Скованная рука моя заныла, мне мучительно захотелось взять этот старый прибор, когда-то казавшийся таким таинственным, новомодным развлечением, раствориться в нем взором — и чтоб это сделала не я одна, но и все мы. И в этой томительной неотступной боли я вспоминала дядю Феликса. Настоящего, каким он был прежде. Услышала его голос, внушительный, торжественный, когда он произносил за столом слова молитвы, и стремительный поток беседы, которую он вдохновлял. Так начинался воскресный день в Минго.
Мне вспомнился дом, тот, прежний, такой же серебристый, как теперь, но пахнувший кипарисом, уютный, прохладный, задумчивый, чистый. Воскресный обед подавали на стол, который перетаскивали к самому входу в прихожую, почти в открытые двери. С веранды струился воздух воскресного дня, он веял на нас и через вентилятор с тонкими лопастями, и через боковые окошки, прямо на наш островок, которым были мы сами вместе с накрытым скатертью столом, и букетом цветов, и желе на десерт, и казалось, будто мы обедаем, сидя в свежей, проточной воде.
Столько народу собиралось в Минго за воскресным столом, что его раздвигали до предела, и тогда круглая столешница превращалась в овал, напоминавший наш трек. За столом сидели моя мама, отец, брат, тетя Этель, дядя Харлэн, которого, если он не слишком наедался, можно было упросить после обеда поиграть на банджо. Моя бабушка Джерролд, которая обычно говаривала о себе: «Я, милочка, всего лишь деревенская простушка», разрезала курицу, а дядя Феликс — окорок. Там были тетя Ева и дядя Арчи, и Кэт, Кэт всегда и повсюду, так же как и я.

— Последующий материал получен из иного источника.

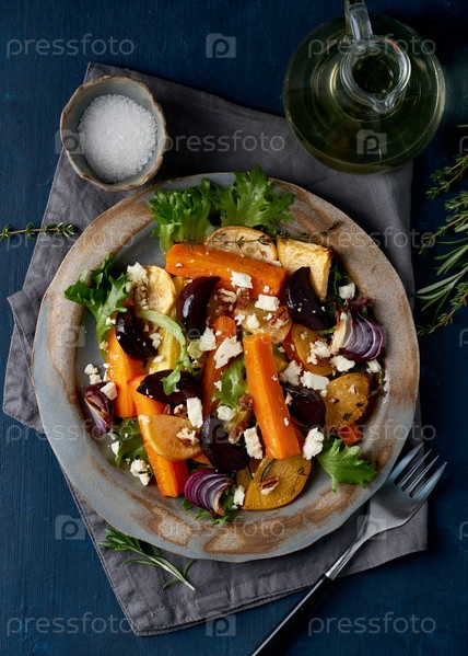 Вегетарианский салат сыр рикотта, запеченные жареные овощи, кето-кетогенная диета. Смесь морковь, свеклы, репчатая капуста, брюки, лук и орехи. Чистое питание. Вертикально
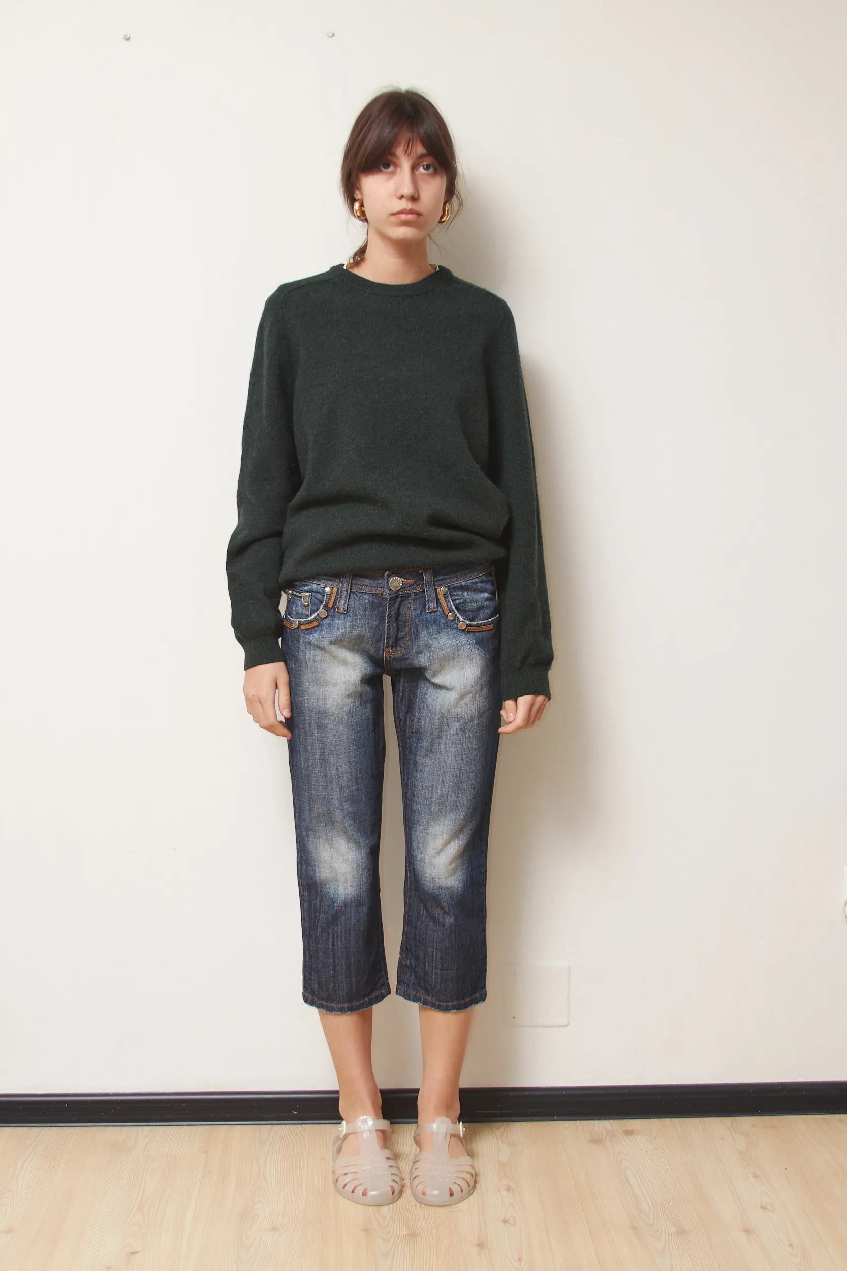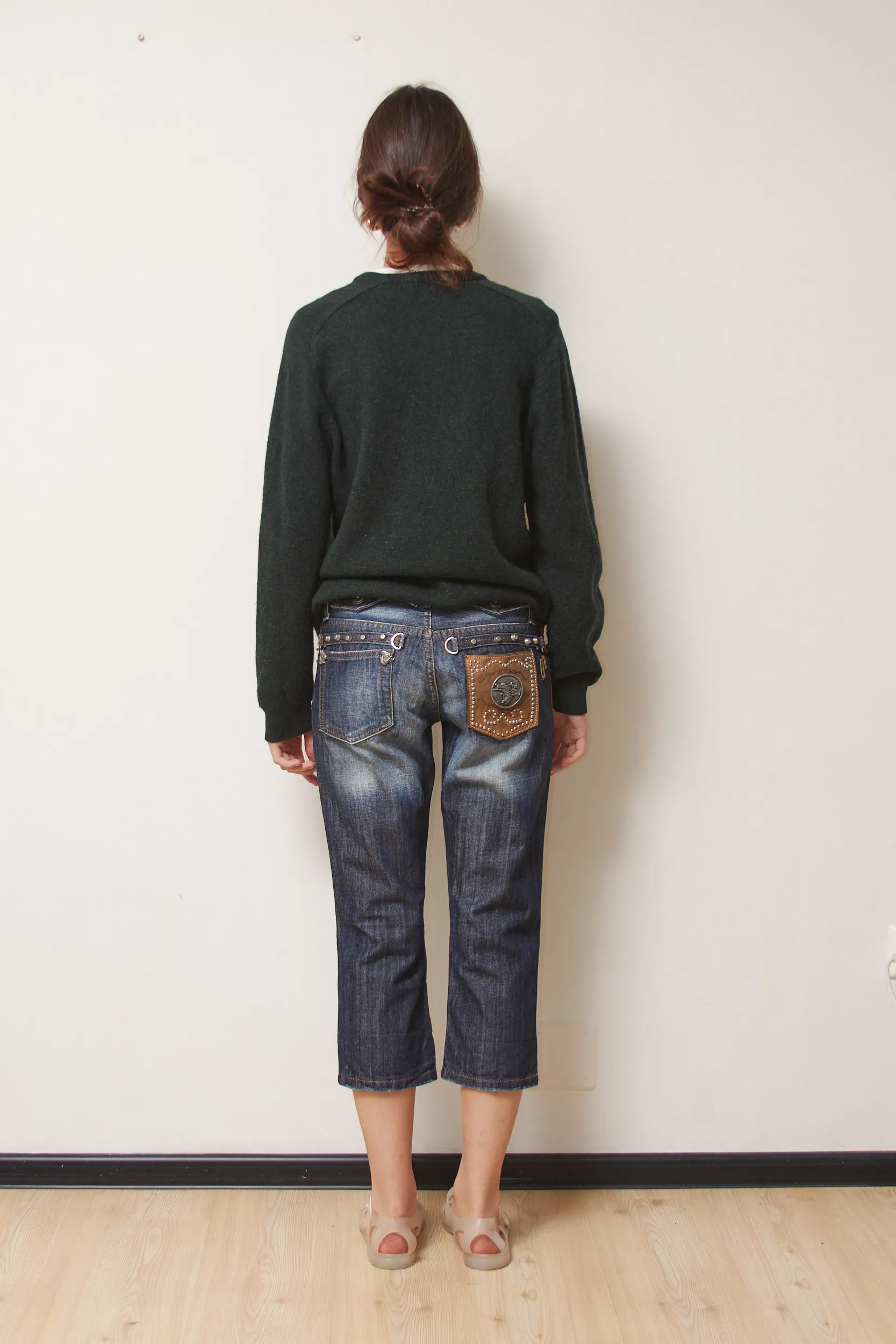 Mărime pe eticheta: 29. Corespund la un S. Talie 74cm, lungime 78cm (cropped).

Там были и многие другие. Ели с таким же удовольствием, как и разговаривали, словно никто не собирался уходить из-за стола. Они сидели вместе — все, кто был нам так дорог. А сколько там было красивых лиц! И когда после обеда гости по всему дому пристраивались поспать, наступал мой час, и я вместо послеобеденного отдыха наконец-то могла повидать мир.
Схватив стереоскоп, я бегом бежала прямо на крыльцо передней веранды, усаживалась там, засунув в накрахмаленный подол диапозитивы и зажав их голыми коленями. Сверху, самыми первыми, лежали «Живописные виды озера Килларни» для дам.

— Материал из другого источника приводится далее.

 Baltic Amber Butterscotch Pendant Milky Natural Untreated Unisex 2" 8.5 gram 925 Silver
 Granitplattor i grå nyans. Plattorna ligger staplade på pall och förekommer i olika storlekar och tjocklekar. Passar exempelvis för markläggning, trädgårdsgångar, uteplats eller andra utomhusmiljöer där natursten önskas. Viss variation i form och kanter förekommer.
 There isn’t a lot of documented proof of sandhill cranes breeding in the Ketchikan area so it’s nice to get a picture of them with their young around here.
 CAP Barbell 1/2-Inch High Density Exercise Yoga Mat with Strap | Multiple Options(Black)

А рядом со мной сидел дядя Феликс.
О, это предвкушение счастья, эта тревога, с которой ждешь его! Любого счастья, пусть даже не твоего. Словно ты внезапно обрела дар предвидения. Возможно, дядя Феликс любил стереоскоп еще больше, чем я. Он всегда смотрел в него первым. Снимал пиджак, аккуратно клал его на пол веранды по другую сторону от меня и, оставшись в одной жилетке, прямой и величественный, протягивал руку за прибором. Потом, оседлав стереоскопом свой внушительный нос, говорил: «Ну-с, попрыгунья!» И по его знаку я подавала один за другим диапозитивы.

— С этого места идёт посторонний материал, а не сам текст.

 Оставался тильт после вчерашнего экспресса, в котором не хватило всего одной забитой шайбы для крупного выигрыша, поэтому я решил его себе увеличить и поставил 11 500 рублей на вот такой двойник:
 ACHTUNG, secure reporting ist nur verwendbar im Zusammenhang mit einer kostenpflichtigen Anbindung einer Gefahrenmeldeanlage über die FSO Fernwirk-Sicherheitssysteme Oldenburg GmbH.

Некоторые виды дядя Феликс разглядывал подолгу. Его тугой крахмальный воротничок был наглухо застегнут, он потел, и тогда от него пахло разрезанным арбузом. Без единого слова он отдавал мне обратно диапозитив, а я уже держала наготове следующий. Мне и в голову не приходило заговорить с ним, это было бы все равно что прервать его за столом, когда он читал молитву.
Спустя какое-то время остальные дети, те, кого привозили по воскресеньям, начинали тормошить дядю Феликса, чтобы он с ними побаловался, висли на нем, залезали на колени, на плечи, усаживались верхом, а он, огромный, невозмутимый, продолжал досматривать весь комплект, словно, пока он смотрел в стереоскоп, мы не могли его видеть. Немного погодя у него начинало алеть ухо, как видно, к голове приливала кровь, так же как у меня.